Сосновский чешет нос и, как бы выдергивая нервы друга, тянет паузу до конца.

– Леша, – говорит он потом, – ты же на прошлой неделе с той женщиной расписался же, так?

Галя быстро вскакивает, хочет выбежать из кафе, но цепляется за стол, а Леша успевает схватить ее.

– Не слушай его, – громко шепчет он, – это неправда.

– Да? – всхлипывает Галя. – Покажи паспорт!

– Я его потерял, – отвечает Леша.

Галя пытается вырваться из его рук, ее бьет неожиданная истерика.

– Отпусти ты ее, – просит Сосновский. – Ей же плохо, дурак!

Галя убегает из кафе.

Сосновский и Леша стоят друг против друга и щурят глаза. Буфетчица вся сжалась, наблюдая за ними, она чувствует приближение драки. Алексей вдруг смеется и хлопает Сосновского по плечу, потом садится за стол.

– Ладно, молодец, друг, – говорит он. – Садись, договорим.

Сосновский недоуменно присаживается.

– Не мог же я ей сам сказать, – продолжает Леша, – в конце концов, Бог правду любит! А эта ее придумка с соблазнением…а, ну и хрен с ним! Я все пустил на самотек специально…

Сквозь наступившую дурную тишину вдруг слышится голос буфетчицы, который словно сыплется мелкой щебенкой на крупные волны:

– Алексей, попрошу тебя в мою смену в буфет не заходить больше… я тебя обслуживать не буду!

Сосновский встает из-за стола, и в голове его начинают печально бренчать осколки былой дружбы…

 

...

 

Фара

Разбросанные вещи повсюду.

Раскрытый чемодан лежит на полу, рядом с опрокинутой вазой, из которой вода растеклась холодной лужицей и просочилась в щелки паркета.

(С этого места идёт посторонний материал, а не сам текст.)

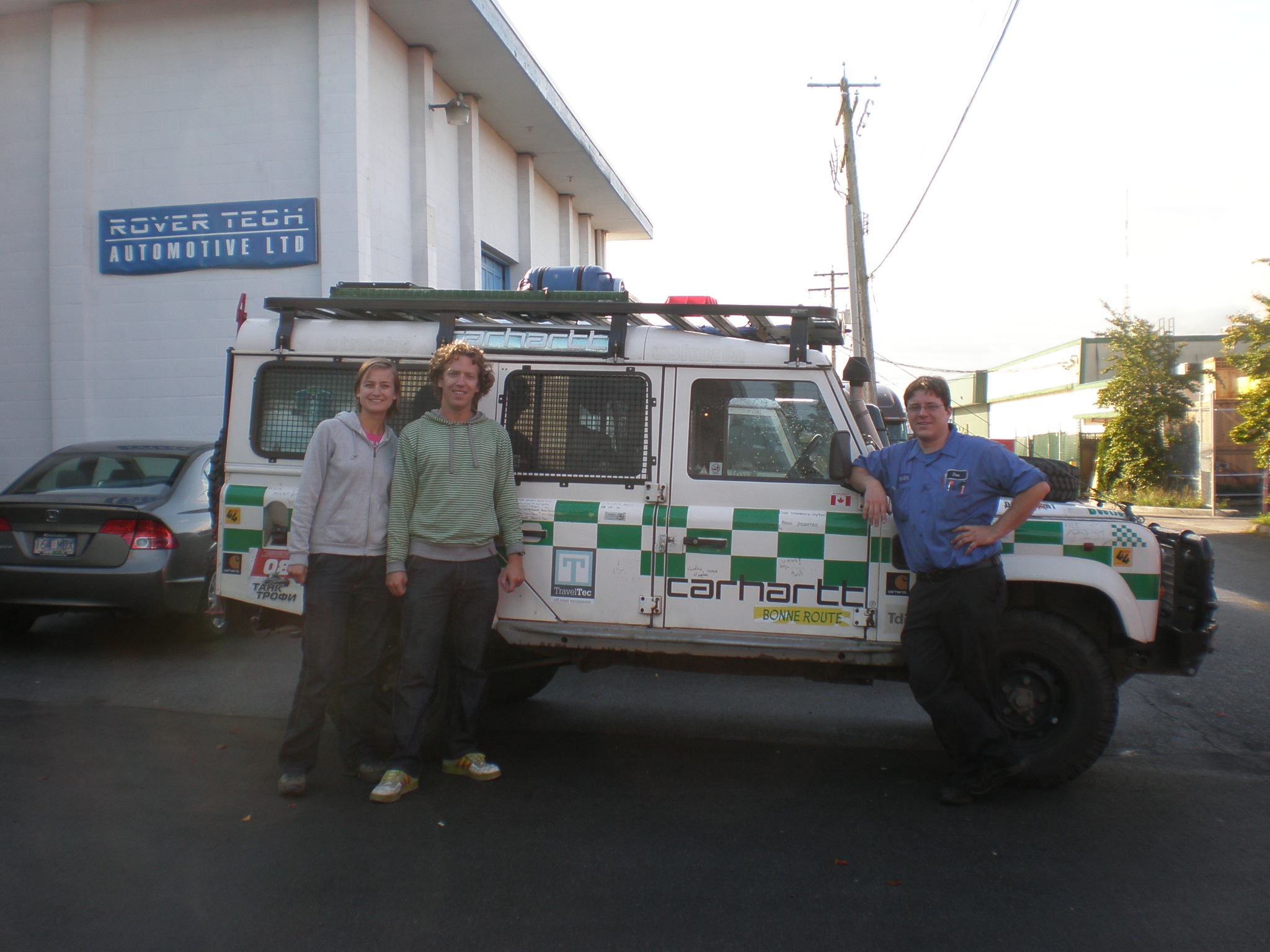 Bij de Rovertech garage, we voelden ons er al behoorlijk thuis na 3 dagen. --- At the Rovertech garage. After three days we felt at home there
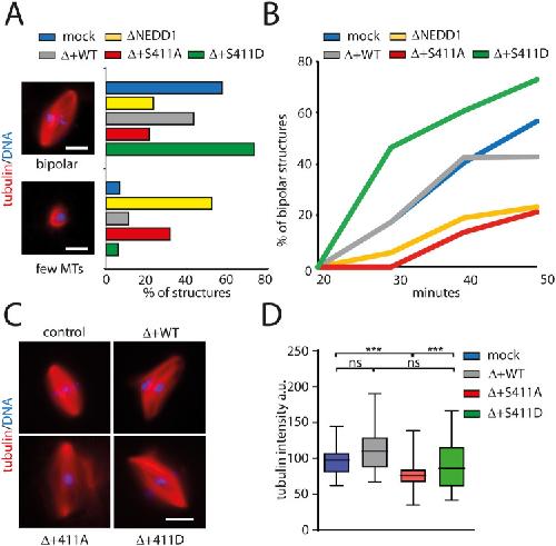 Figure 7. Role of NEDD1 S411 phosphorylation in spindle assembly in Xenopus laevis egg extracts. (A) Quantification of spindle structures assembled around sperm nuclei in cycled control (mock) and NEDD1-depleted egg extracts complemented or not with purified human Flag-NEDD1 variants as indicated. Representative images of a bipolar spindle (bipolar) and an aberrant structure typically found in NEDD1-depleted extract are shown (few MTs). Rhodamine labelled MTs (red) and DNA (blue). Scale bar: 10 μm. The graphs represent the percentage of the two types of structures in the different experimental conditions as indicated. More than 50 spindles were counted for each experimental condition. One representative out of four independent experiments with similar distributions. Scale bars: 10 μm. (B) Time course analysis of spindle assembly in the same experimental conditions as in A. More than 50 spindles were counted for each time point and experimental condition. The graph corresponds to one representative experiment out of three independent experiments. (C) Representative images of spindles assembled in control (mock) and NEDD1-depleted egg extracts complemented or not with purified human Flag-NEDD1 variants, as indicated. Rhodamine labelled MTs (red) and DNA (blue). Scale bar: 10 μm. (D) Box-and-whisker plots showing MT density in bipolar spindles assembled in the same experimental conditions as in C. MT density is expressed as the total tubulin fluorescence intensity normalized for the spindle area. More than 20 spindles were measured for each condition. The graph corresponds to one representative experiment out of three independent experiments. ***P<0,001 (t-test).

Шум в ванной напоминает о прошедших неделях, полных теплого моря, короткой любви и резкого расставания.

Пустота своего дома очевидна и как будто вечна.

…А прожитые тридцать лет, в нетронутом раньше жестокосердии и долгом одиночестве, нарушены романтической иглой приключений с неожиданным финалом…

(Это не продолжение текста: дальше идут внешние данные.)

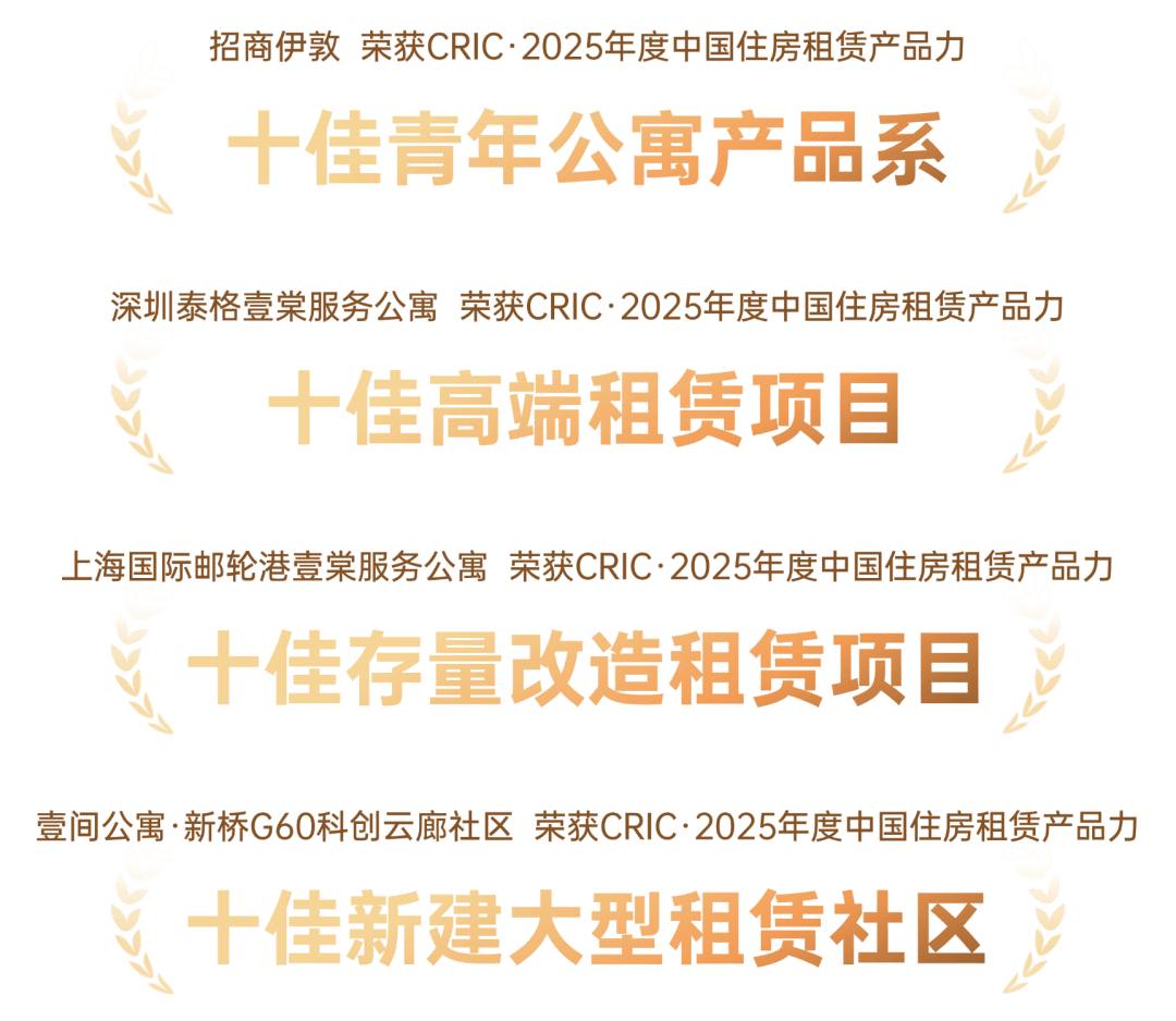 喜讯!招商蛇口招商伊敦斩获CRIC“2025年度中国住房租赁产品力·十佳青年公寓产品系”等多项荣誉

Ирина выходит из ванной в черных тапочках и… в тоске.

…Ничего не получилось из того, что хотелось, ничего не досталось из того, что само шло в руки – а все из-за ее упрямого характера. Алексей женат, и те две недели, которые Ирина провела с ним на юге, ничего в этом не изменили.

А знакомство было шикарное: и жили они, оказывается, в одном городе, и ехали, оказывается, в отпуск в одном поезде, – но нашли друг друга только на балконе гостиницы, номера тоже оказались по соседству.

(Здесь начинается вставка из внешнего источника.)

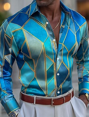 Hombre Arte abstracto Bloqueo de color Camisa de raso camisa de baile Camisa de vestir informal Manga Larga Moda informal Vacaciones Boda Uso Diario Verano Primavera Cuello Vuelto Impresión 3D
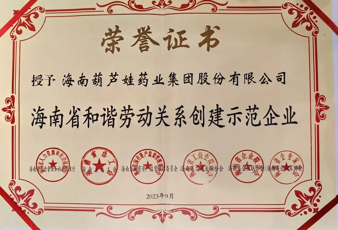 AG贵宾药业集团获评“海南省和谐劳动关系创建示范企业”

Теплая постель, долгие бессонные ночи с первым мужчиной в ее жизни…

Надо поднять вазу, вытереть пол, надо разобрать вещи, убрать чемодан на антресоли и продолжать плыть по течению.

Но чувственность уже проснулась. Только он не оставил ей ни телефона, ни адреса своего.

И опять трудные ночи, ворочанье на диване, комканье простыни и взбивание подушки. Опять нарочитое выдавливание из себя счастливой жизни для сослуживцев. А ведь все у нее есть, одного только нет – его.

Леша – художник, вот на дне чемодана ее портрет, ее первый портрет.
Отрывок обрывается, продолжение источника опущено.